The profiling blind spot
MIG solves the isolation problem, but it creates a new one for performance optimization. Most profiling tools operate at the physical GPU level. They see one device, report one set of metrics, and produce one flamegraph. When multiple isolated workloads share that device through MIG, there’s no way to attribute kernel activity, memory pressure, or Tensor Core utilization to a specific instance. You lose the ability to answer the most basic question: which slice is underperforming, and why?
Consider three H200 2g.35gb instances on the same node running at 85%, 48%, and 93.6% GPU utilization. Averaged together, they look reasonable. They’re not. The instance at 48% is severely underutilizing its allocated resources, and only a per-instance flamegraph can surface exactly what’s causing it to leave performance on the table.
What Zymtrace delivers
MLOps and cluster admins carve GPUs into MIG instances for isolation and efficiency. Zymtrace respects that boundary. Each slice gets its own utilization, memory, and Tensor Core metrics. From any instance, a single click surfaces a full-stack GPU flamegraph for the host, grouped by GPU and MIG slice.

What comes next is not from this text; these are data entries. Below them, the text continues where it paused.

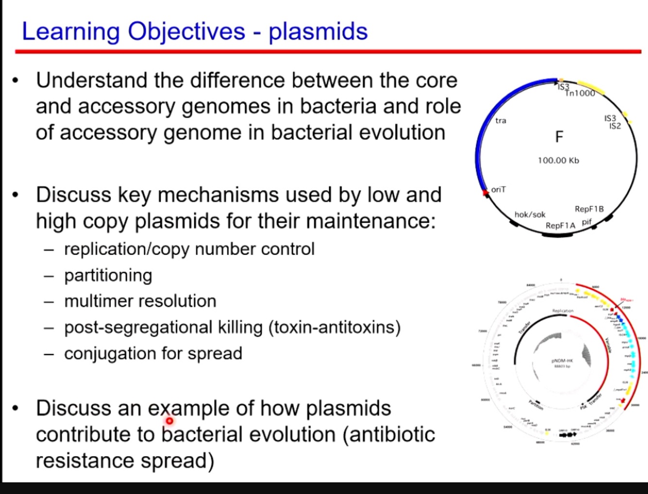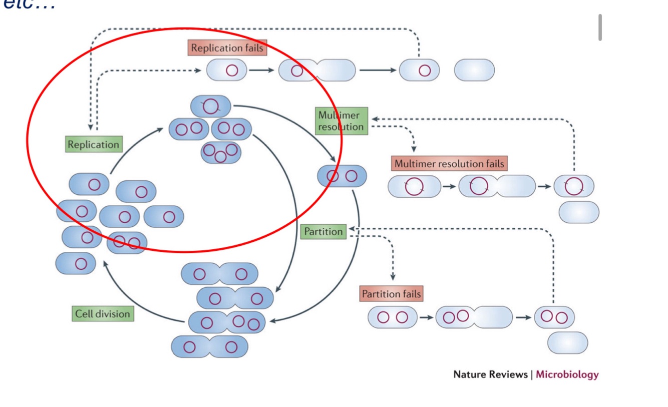 Plasmids must maintain themselves in the population by replication, partitioning/segregation and resolving multimers etc…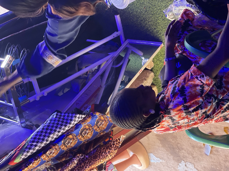 This image captures a retail or market environment in Samaru, Nigeria, characterized by predominant blue ambient lighting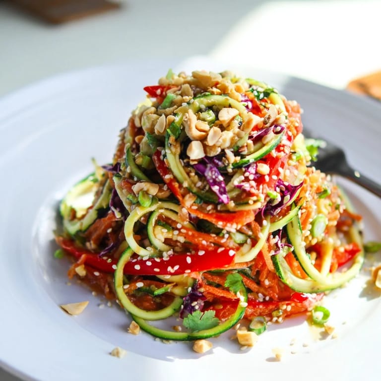 The beauty of this recipe is how easily it adapts to whatever you have on hand or what is in season. I have used yellow squash when zucchini felt too ordinary and daikon radish for a peppery kick that wakes up your palate. Sometimes I add edamame for protein or swap the peanuts for cashews when my pantry dictates.
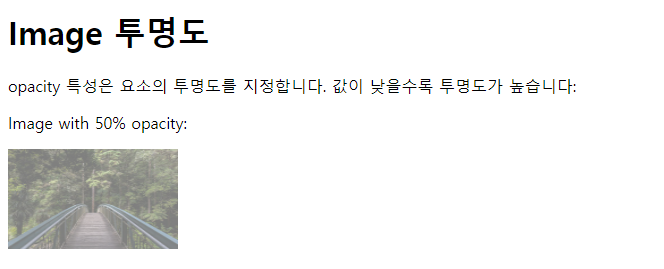 img 요소에 opacity속성에 0.5값을 설정하도록 설정하였고, 실행결과 화면은 아래 그림과 같다.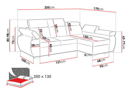 önálló sarokkanapé (szövet párnázott háttámla)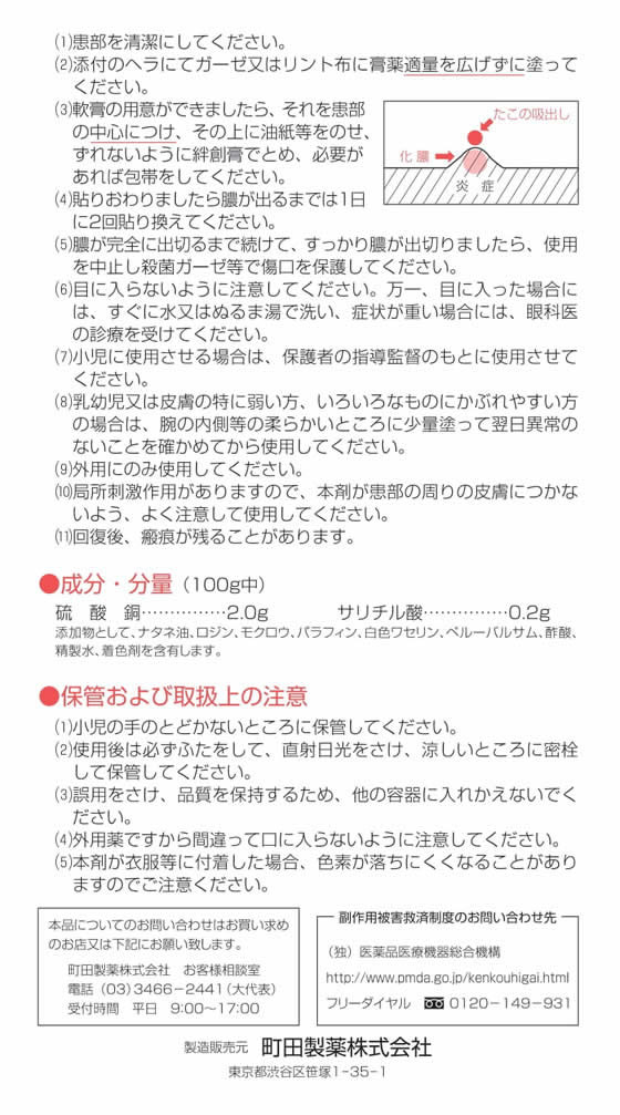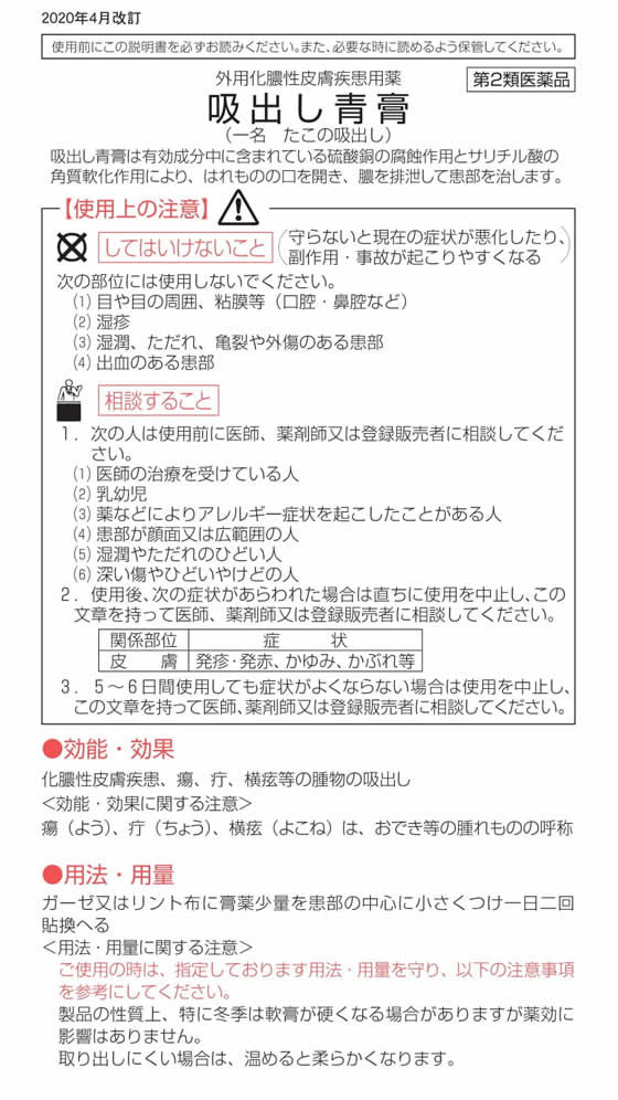 吸出し青膏は有効成分中に含まれている硫酸銅の腐蝕作用とサリチル酸の角質軟化作用により、はれものの口を開き、膿を排泄して患部を治します。

The setup cost? Zero. Zymtrace auto-detects MIG topology from the host. If MIG is enabled, Zymtrace discovers every instance, maps the topology, and starts profiling each slice independently. Enable MIG, and Zymtrace sees it automatically.
Sounds interesting?
Get started today at no cost! You can host Zymtrace wherever you want. We provide both Helm charts and Docker Compose configs. If you’re familiar with either, you can have it running within 5 minutes.
Once deployed, the profiling agent automatically profiles every process running on your machines with virtually no overhead. No configuration changes, no instrumentation required. Just run it and watch profiles for all running applications appear in our UI!
For GPU workloads, we support everything built on top of CUDA, including frameworks like PyTorch and JAX. For CPU profiling, we support all major languages out of the box: Python, Java, Kotlin, Node.js, PHP, Ruby, .NET, C/C++, Rust, Go, and more.
Footnotes
-
NVIDIA, Multi-Instance GPU. MIG is supported on Hopper, Blackwell, and Rubin architectures, with up to seven isolated instances per GPU each receiving dedicated compute, memory, and cache. ↩
-
NVIDIA describes the core problem MIG addresses: without it, jobs sharing a GPU compete for memory bandwidth, causing latency degradation across all co-located workloads. MIG provides hardware-level isolation with guaranteed quality of service per instance. ↩